Set the listing down again in full, word for word, with the pictures left out.

--- Data below Enclosed Below ---

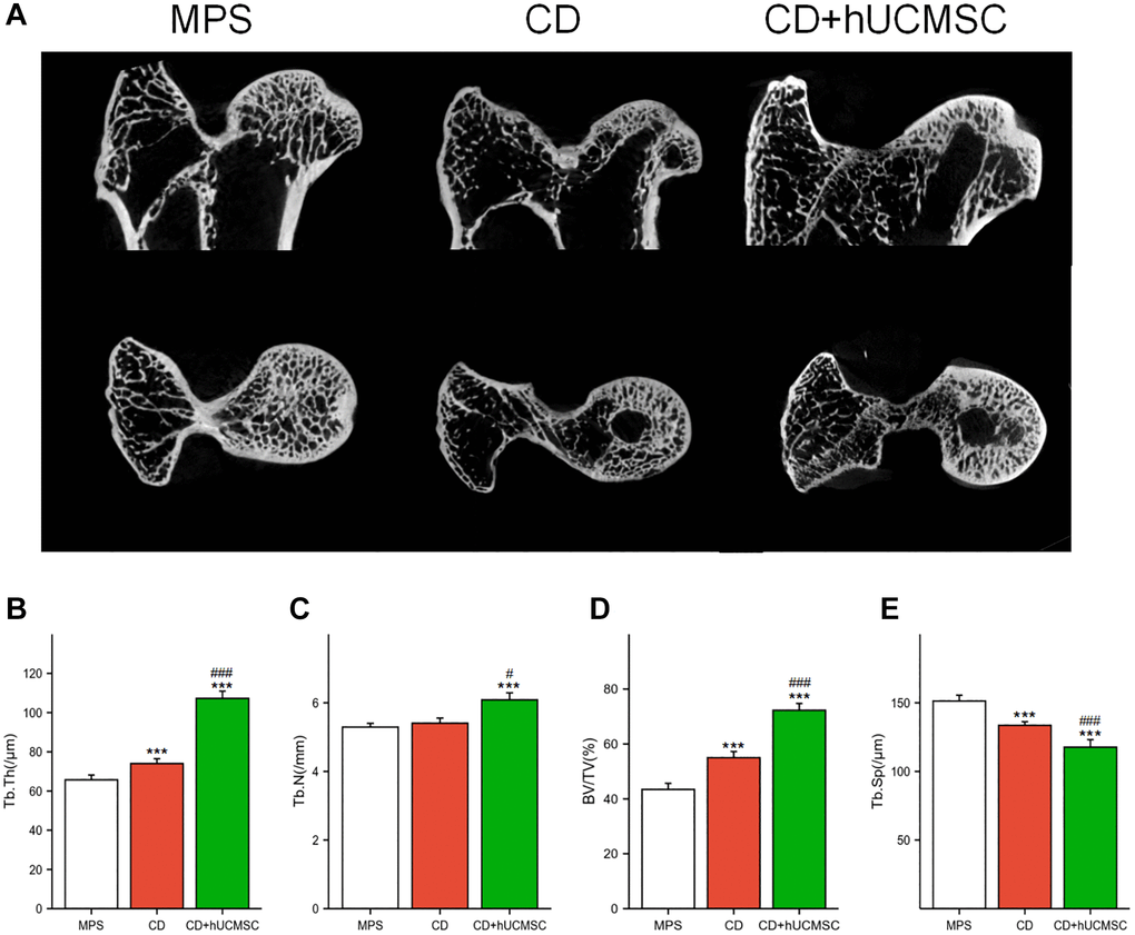 Micro-CT was employed for the quantitative analysis of the microstructure of the femoral head. In the MPS rabbit femoral head, the trabeculae were observed to be sparse and disorganized. However, in the CD+hUCMSCs group, the trabeculae appeared to be complete and well-aligned (Figure 1A). Furthermore, when comparing the CD+hUCMSCs group with the MPS group, significant differences were observed in several parameters. The CD+hUCMSCs group exhibited significantly higher values for Tb.Th, Tb.N and BV/TV. Additionally, the CD+hUCMSC group displayed a significantly lower value for Tb.Sp compared with the MPS group. The implantation of hUCMSCs inhibited the occurrence of osteonecrosis and promoted bone regeneration in the femoral head of the ONFH rabbit model, thus improving the aforementioned microstructure of the femoral head (Figure 1B–1E).
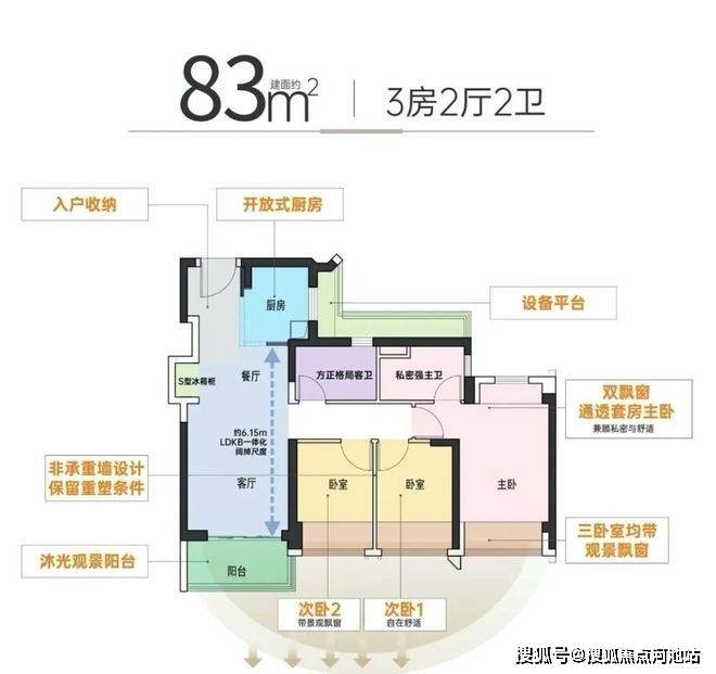 85㎡3房2卫:约322-365万,东南向景观房
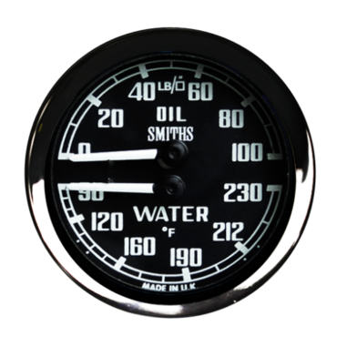 52mm dual oil pressure and water temperature gauge with black dial and half V chrome bezel. 0-100psi, 90-230°F
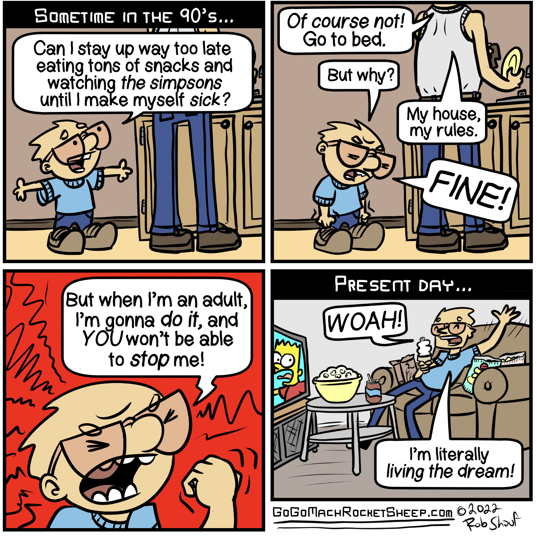 Anyways, I DO enjoy making music and recording videos too though. You read a comic strip, it takes like 10 seconds. You watch a video- it takes a bit longer to engage with it, you can watch it more than once if it’s entertaining, etc etc.

--- End of Enclosed Data below ---

Solution »
 Micro-CT was employed for the quantitative analysis of the microstructure of the femoral head. In the MPS rabbit femoral head, the trabeculae were observed to be sparse and disorganized. However, in the CD+hUCMSCs group, the trabeculae appeared to be complete and well-aligned (Figure 1A). Furthermore, when comparing the CD+hUCMSCs group with the MPS group, significant differences were observed in several parameters. The CD+hUCMSCs group exhibited significantly higher values for Tb.Th, Tb.N and BV/TV. Additionally, the CD+hUCMSC group displayed a significantly lower value for Tb.Sp compared with the MPS group. The implantation of hUCMSCs inhibited the occurrence of osteonecrosis and promoted bone regeneration in the femoral head of the ONFH rabbit model, thus improving the aforementioned microstructure of the femoral head (Figure 1B–1E).
 85㎡3房2卫:约322-365万,东南向景观房
 52mm dual oil pressure and water temperature gauge with black dial and half V chrome bezel. 0-100psi, 90-230°F
 Anyways, I DO enjoy making music and recording videos too though. You read a comic strip, it takes like 10 seconds. You watch a video- it takes a bit longer to engage with it, you can watch it more than once if it’s entertaining, etc etc.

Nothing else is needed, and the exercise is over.